### TASK GOAL
Your answer should be the full data, transcribed exactly, with no pictures in it.

### SUPPLIED DATA
▼

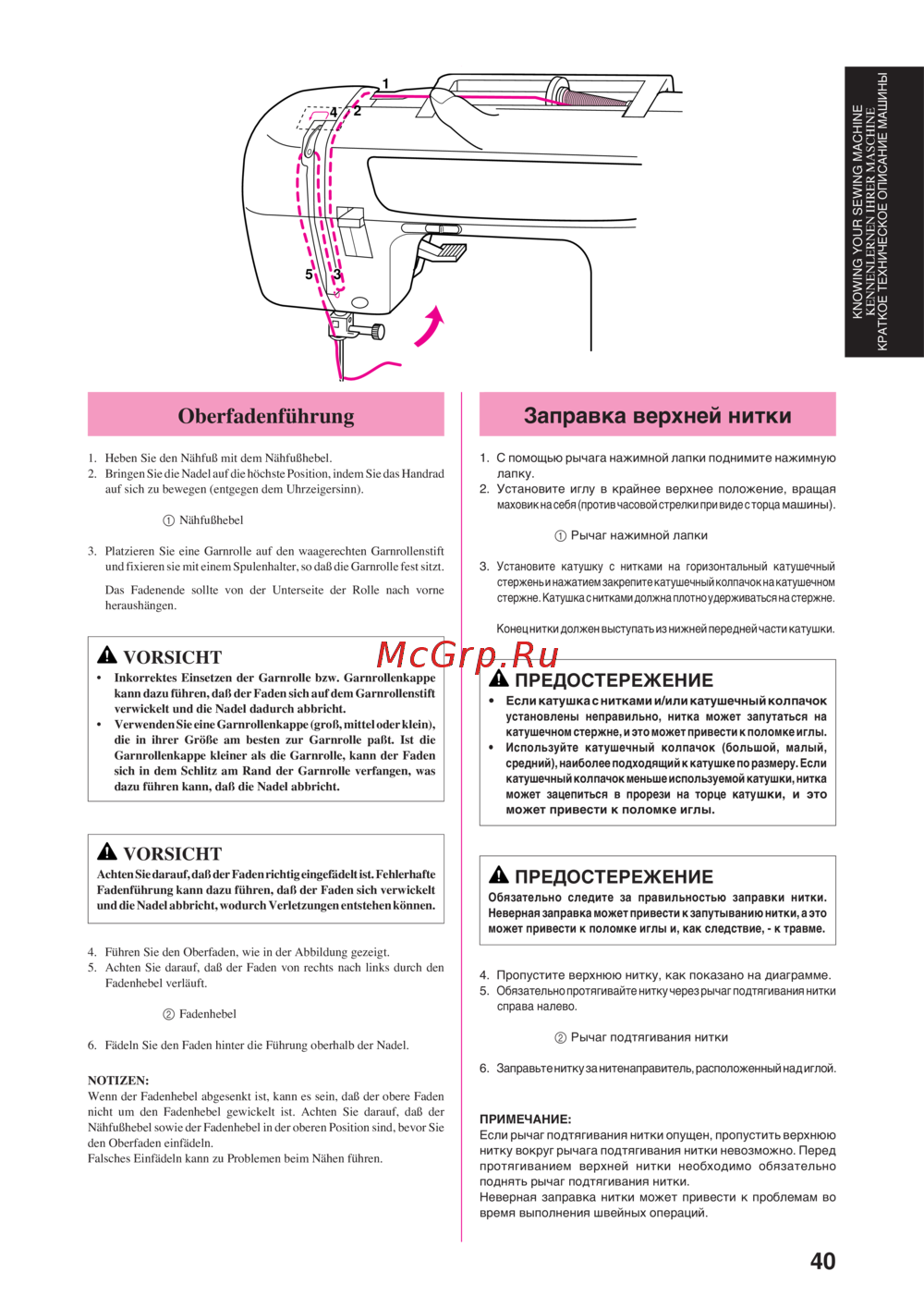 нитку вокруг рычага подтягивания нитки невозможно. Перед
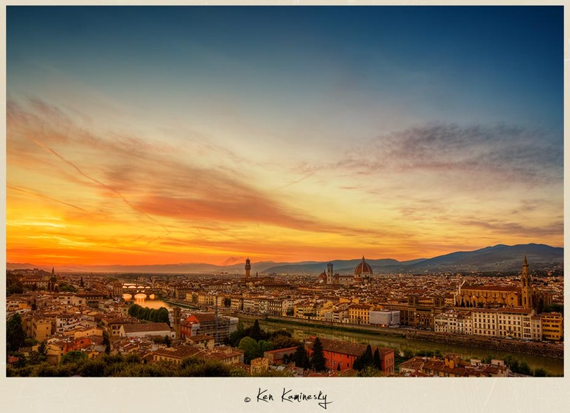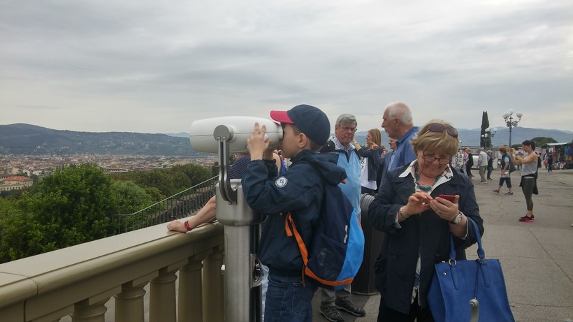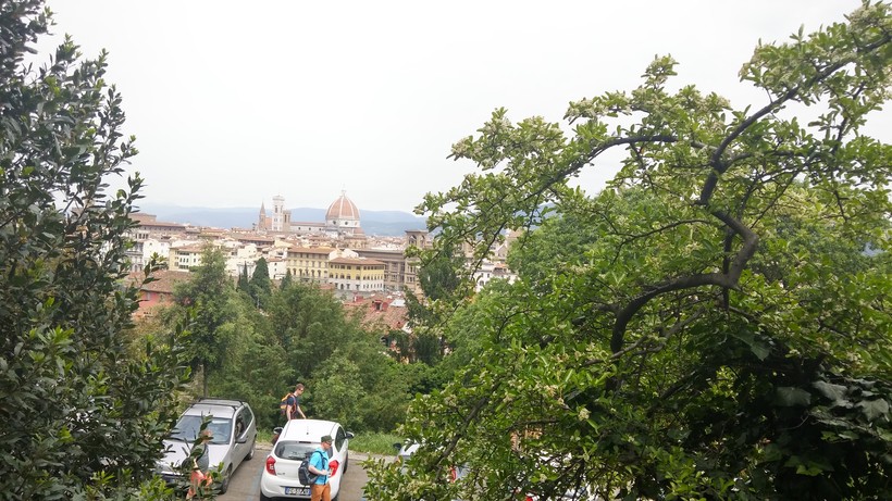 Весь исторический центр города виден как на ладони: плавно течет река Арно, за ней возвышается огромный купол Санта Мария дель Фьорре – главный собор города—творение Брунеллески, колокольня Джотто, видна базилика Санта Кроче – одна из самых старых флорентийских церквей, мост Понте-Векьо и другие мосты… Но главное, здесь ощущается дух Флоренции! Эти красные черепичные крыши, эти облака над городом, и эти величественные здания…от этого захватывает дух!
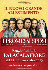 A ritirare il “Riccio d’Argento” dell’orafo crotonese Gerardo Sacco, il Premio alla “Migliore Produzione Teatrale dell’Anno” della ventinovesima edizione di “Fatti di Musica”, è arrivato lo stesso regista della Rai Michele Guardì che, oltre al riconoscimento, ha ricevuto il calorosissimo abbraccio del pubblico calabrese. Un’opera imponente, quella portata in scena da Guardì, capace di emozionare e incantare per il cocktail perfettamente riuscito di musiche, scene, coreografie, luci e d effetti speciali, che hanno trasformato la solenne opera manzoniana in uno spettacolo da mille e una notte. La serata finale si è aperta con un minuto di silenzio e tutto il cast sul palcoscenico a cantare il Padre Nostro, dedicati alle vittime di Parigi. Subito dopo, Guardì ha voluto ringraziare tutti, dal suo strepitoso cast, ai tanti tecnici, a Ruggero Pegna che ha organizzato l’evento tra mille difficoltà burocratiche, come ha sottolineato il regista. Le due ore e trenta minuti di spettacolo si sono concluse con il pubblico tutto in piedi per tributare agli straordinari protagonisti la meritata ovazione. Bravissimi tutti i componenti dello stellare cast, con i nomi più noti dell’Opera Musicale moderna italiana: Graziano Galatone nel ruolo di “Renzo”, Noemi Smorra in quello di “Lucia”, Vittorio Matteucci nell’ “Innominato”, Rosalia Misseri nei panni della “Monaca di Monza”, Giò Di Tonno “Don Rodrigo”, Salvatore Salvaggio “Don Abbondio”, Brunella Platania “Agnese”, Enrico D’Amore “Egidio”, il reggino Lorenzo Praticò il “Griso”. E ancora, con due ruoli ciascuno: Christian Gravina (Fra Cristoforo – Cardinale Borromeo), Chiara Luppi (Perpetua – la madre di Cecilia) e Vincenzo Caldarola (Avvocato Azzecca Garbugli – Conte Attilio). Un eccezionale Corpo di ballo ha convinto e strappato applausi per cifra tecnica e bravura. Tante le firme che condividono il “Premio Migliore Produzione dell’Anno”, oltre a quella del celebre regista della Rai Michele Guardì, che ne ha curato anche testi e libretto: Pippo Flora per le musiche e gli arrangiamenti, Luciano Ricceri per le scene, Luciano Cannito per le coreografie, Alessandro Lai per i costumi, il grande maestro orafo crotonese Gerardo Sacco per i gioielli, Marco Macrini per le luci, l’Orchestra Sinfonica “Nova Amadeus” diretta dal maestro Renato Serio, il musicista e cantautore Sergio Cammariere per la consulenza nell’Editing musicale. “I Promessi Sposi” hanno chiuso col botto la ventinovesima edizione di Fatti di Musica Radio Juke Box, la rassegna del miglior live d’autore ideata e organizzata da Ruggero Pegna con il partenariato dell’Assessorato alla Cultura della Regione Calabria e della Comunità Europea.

▲

### EXPECTED OUTPUT
 нитку вокруг рычага подтягивания нитки невозможно. Перед
 Весь исторический центр города виден как на ладони: плавно течет река Арно, за ней возвышается огромный купол Санта Мария дель Фьорре – главный собор города—творение Брунеллески, колокольня Джотто, видна базилика Санта Кроче – одна из самых старых флорентийских церквей, мост Понте-Векьо и другие мосты… Но главное, здесь ощущается дух Флоренции! Эти красные черепичные крыши, эти облака над городом, и эти величественные здания…от этого захватывает дух!
 A ritirare il “Riccio d’Argento” dell’orafo crotonese Gerardo Sacco, il Premio alla “Migliore Produzione Teatrale dell’Anno” della ventinovesima edizione di “Fatti di Musica”, è arrivato lo stesso regista della Rai Michele Guardì che, oltre al riconoscimento, ha ricevuto il calorosissimo abbraccio del pubblico calabrese. Un’opera imponente, quella portata in scena da Guardì, capace di emozionare e incantare per il cocktail perfettamente riuscito di musiche, scene, coreografie, luci e d effetti speciali, che hanno trasformato la solenne opera manzoniana in uno spettacolo da mille e una notte. La serata finale si è aperta con un minuto di silenzio e tutto il cast sul palcoscenico a cantare il Padre Nostro, dedicati alle vittime di Parigi. Subito dopo, Guardì ha voluto ringraziare tutti, dal suo strepitoso cast, ai tanti tecnici, a Ruggero Pegna che ha organizzato l’evento tra mille difficoltà burocratiche, come ha sottolineato il regista. Le due ore e trenta minuti di spettacolo si sono concluse con il pubblico tutto in piedi per tributare agli straordinari protagonisti la meritata ovazione. Bravissimi tutti i componenti dello stellare cast, con i nomi più noti dell’Opera Musicale moderna italiana: Graziano Galatone nel ruolo di “Renzo”, Noemi Smorra in quello di “Lucia”, Vittorio Matteucci nell’ “Innominato”, Rosalia Misseri nei panni della “Monaca di Monza”, Giò Di Tonno “Don Rodrigo”, Salvatore Salvaggio “Don Abbondio”, Brunella Platania “Agnese”, Enrico D’Amore “Egidio”, il reggino Lorenzo Praticò il “Griso”. E ancora, con due ruoli ciascuno: Christian Gravina (Fra Cristoforo – Cardinale Borromeo), Chiara Luppi (Perpetua – la madre di Cecilia) e Vincenzo Caldarola (Avvocato Azzecca Garbugli – Conte Attilio). Un eccezionale Corpo di ballo ha convinto e strappato applausi per cifra tecnica e bravura. Tante le firme che condividono il “Premio Migliore Produzione dell’Anno”, oltre a quella del celebre regista della Rai Michele Guardì, che ne ha curato anche testi e libretto: Pippo Flora per le musiche e gli arrangiamenti, Luciano Ricceri per le scene, Luciano Cannito per le coreografie, Alessandro Lai per i costumi, il grande maestro orafo crotonese Gerardo Sacco per i gioielli, Marco Macrini per le luci, l’Orchestra Sinfonica “Nova Amadeus” diretta dal maestro Renato Serio, il musicista e cantautore Sergio Cammariere per la consulenza nell’Editing musicale. “I Promessi Sposi” hanno chiuso col botto la ventinovesima edizione di Fatti di Musica Radio Juke Box, la rassegna del miglior live d’autore ideata e organizzata da Ruggero Pegna con il partenariato dell’Assessorato alla Cultura della Regione Calabria e della Comunità Europea.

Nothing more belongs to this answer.